In case of L2 bridge mode we rewrite the container Mac with the container host Mac. This helps in not flooding the physical network with all those containers. Both l2 bridge and l2 tunnel modes are more suited for cloud environments.
In l2 bridge mode the container to container traffic is bridged within the container host whereas in l2 tunnel mode the traffic is tunneled to the external router in azure case in the l1 fabric host and then hair pinned back to the destination container. This mode enables you to apply SDN policies on the host for containers.
Let's look at the internal architecture of overlay network in windows. In Linux two bridges are created one for ovnet and the other for the traffic outside of the cluster. In windows, too we create two vSwitches. One is external switch bound to the external Nic with vfp enabled which does the encap and decap. And the other is a NAT network. In both Linux and windows 2 interfaces are added to the container one connected to the overlay and the other connected to the NAT.
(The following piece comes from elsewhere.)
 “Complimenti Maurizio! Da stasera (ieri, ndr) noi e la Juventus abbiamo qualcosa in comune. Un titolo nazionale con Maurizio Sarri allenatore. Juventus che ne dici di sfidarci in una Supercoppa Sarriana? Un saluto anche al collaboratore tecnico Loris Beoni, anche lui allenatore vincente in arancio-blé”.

Docker Engine has an internal DNS server that provides name resolution to all the containers on the host in NAT and Overlay network modes. Its little differently implemented that Linux. In Windows, we use the Gateway IP as the DNS server in each container and Docker engine on the host runs DNS server on the gateway NIC. When a DNS query comes up, Docker Engine then checks if the DNS query belongs to a container or service on network(s) that the requesting container belongs to. If it does, then Docker Engine looks up the IP address that matches a container, task, or service's name in its key-value store and returns that IP back to the requester.
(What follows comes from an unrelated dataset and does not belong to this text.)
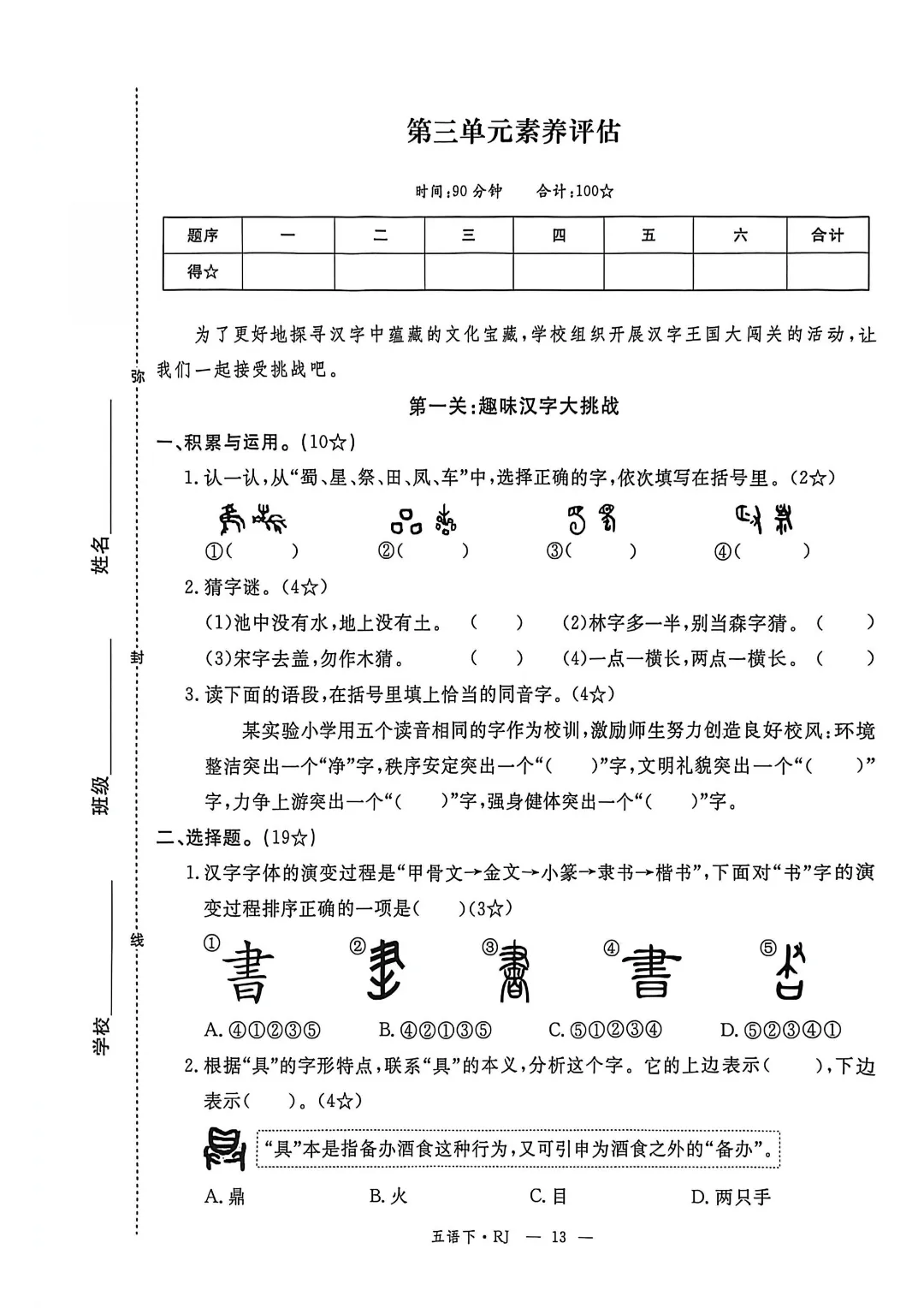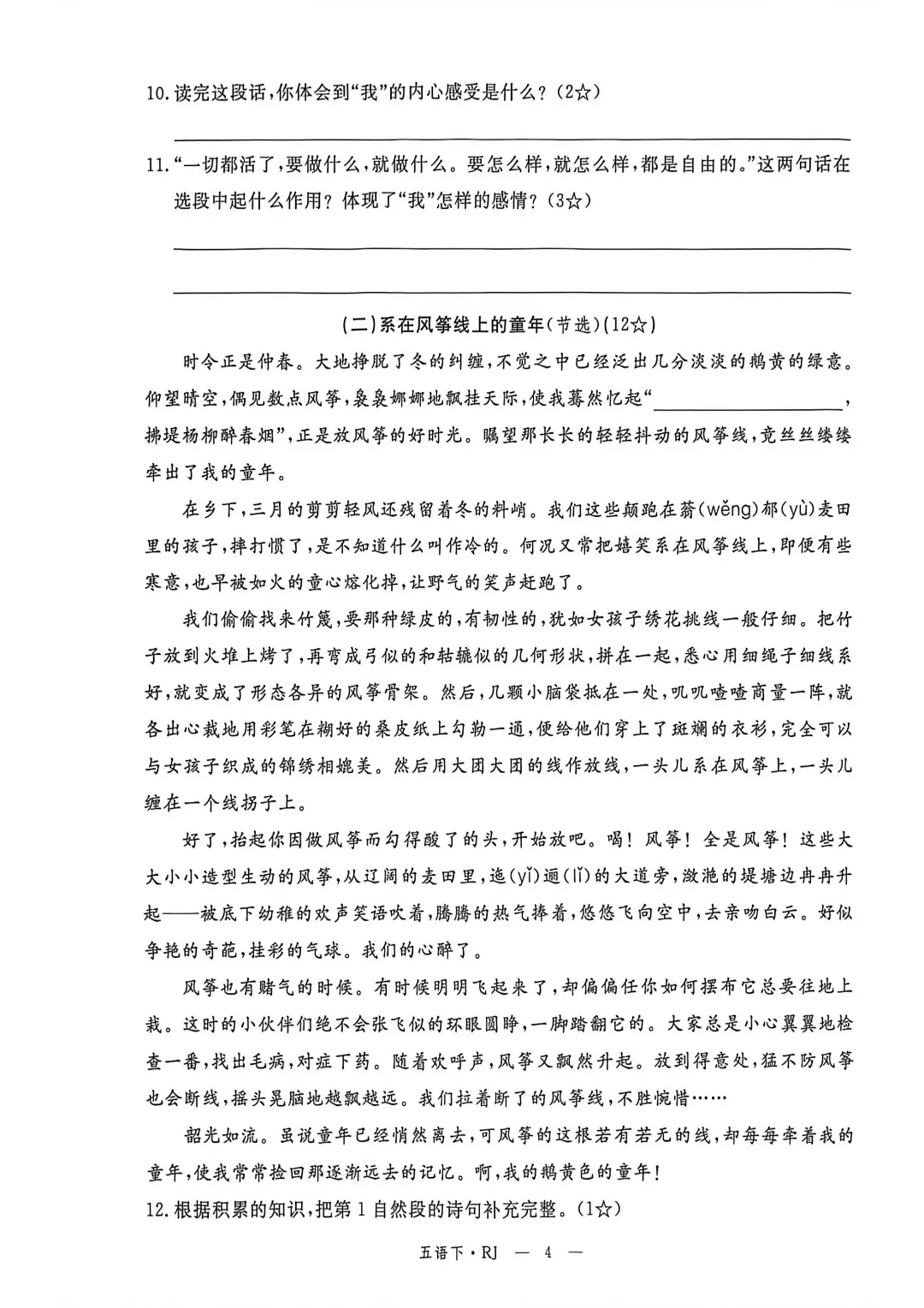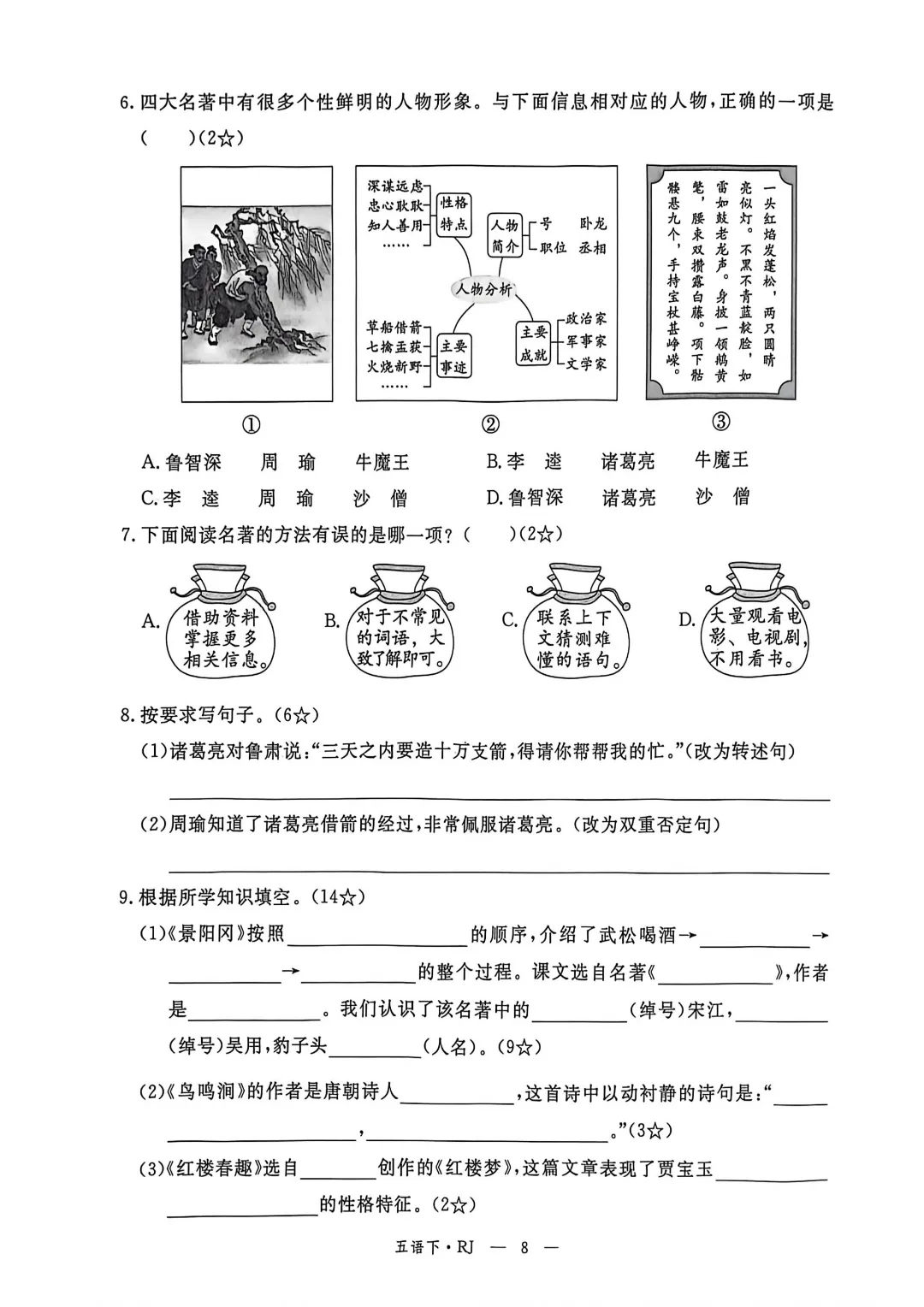 2026年春新部编版五年级下册语文《全册1-8单元素养卷+期中期末测试卷》10套附答案‖可打印

Service discovery is network-scoped, Containers not on the same network cannot resolve each other's addresses.
Publishing Ports
Docker Supports two ways of publishing service ports outside of the swarm. One is using routing mesh and the other is using publish mode host where we can publish the service port directly from the host. We don’t yet support routing mesh in windows, but we do support publishing port using the host mode. You can use external load balancer and load balance across your tasks in ur service, which is what we will demo here too…
Deployment Modes
In this slide, we are going to look at different network modes we have in windows and how they differ at each other with respect physical network design, configuration and how they interoperate with application.
Multi Host Connectivity, NAT doesn’t provide any native support. Overlay supports multi host connectivity. For Transparent and L2 modes we expect the underlay to provide routing for multi host connectivity.
Service Discovery, we use Docker Embedded DNS server for NAT and Overlay modes. For other modes, we expect DNS to be hosted externally.
Load Balancing, DNSRR is currently the only supported mode of load balancing in Windows for NAT and overlay mode. For other modes, we done have any native support
IP Addressing Both NAT and Overlay has internal addressing scoped to the network. For transparent and L2 modes we support external public facing IP assignment to the containers.
Requirements. You need the listed KB for Overlay network mode. For transparent network mode, if you are using a VM then you need to make sure MAC spoofing is enabled on the network interface of the VM.